BYD Co. will start offering a full suite of electric-vehicle components to rivals and aspiring auto manufacturers to diversify its revenue sources amid sputtering car demand.

Among the parts that the Shenzhen-based company makes and now sells are EV batteries, powertrains and lights, founder Wang Chuanfu said in an online press conference on Sunday.

BYD, China’s biggest maker of vehicles powered by alternative energy for the past six years, will use the brand name FinDreams for the parts business.

EV sales have been slumping in China since July, when the country reduced sales subsidies, and the decline has been exacerbated by the coronavirus outbreak. BYD, which is financially more stable than most local EV competitors, is betting the new business will help it return to growth quicker even as the market contracts.

“BYD will open its technology and products to the whole world,” Wang said. “FinDreams units will help change the role participants in Chinese auto industry play in the global new energy arena.”

BYD, founded as a mobile-phone battery maker, has been growing by expanding into new businesses over the past two decades. The company started car manufacturing in 2003 and rolled out its first vehicles powered by lithium-iron-phosphate batteries in 2006. It has since added electric buses, utility vehicles, energy storage equipments, monorail and insulated gate bipolar transistors to its offering.

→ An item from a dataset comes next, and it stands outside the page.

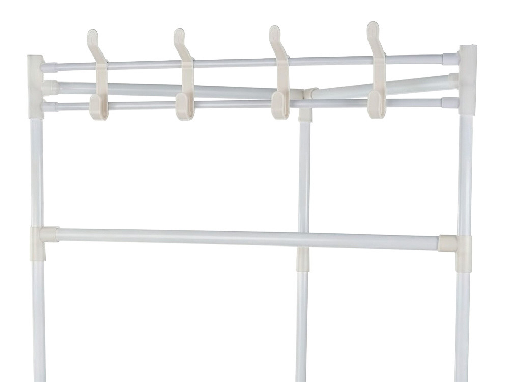A ruhaállvány tartós fémből készült, ami biztosítja a stabilitást és a tartósságot. A felső rész több akasztóval van ellátva ruhák és esernyők tárolásához, míg a három tágas polc ideális kiegészítők, dobozok, törölközők vagy cipők tárolásához. Az egyszerű összeszerelés és a modern kialakítás miatt a ruhaállvány bármilyen belső térhez illeszkedik – a klasszikustól a modernig.

To help fight the spread of the coronavirus, the company expanded to face masks and reached a daily production capacity of 10 million units this past week, according to Wang.

The versatility of its manufacturing operations has helped BYD become self-reliant on EV parts. While until recently it focused on making components only for internal purposes, the company is now seeking to take advantage of a potential recovery and future growth of the market.

The annual value of batteries used in electric vehicles, electric buses and related energy storage is set to balloon about 10 times to a potential $500 billion by 2050, according to Sanford C. Bernstein & Co.

To demonstrate its competitiveness, BYD on Sunday unveiled test results of its so-called “blade battery,” touting it as a cost-competitive, safer and compact offering. Almost all automakers are in talks with BYD over collaboration on the product, according to He Long, head of BYD’s car battery business.

Last year, BYD signed an agreement with Toyota Motor Corp. on EV battery supply and joint product development, with the companies setting up an jointly owned venture this month. BYD also cooperates with Daimler AG to produce Denza brand EVs.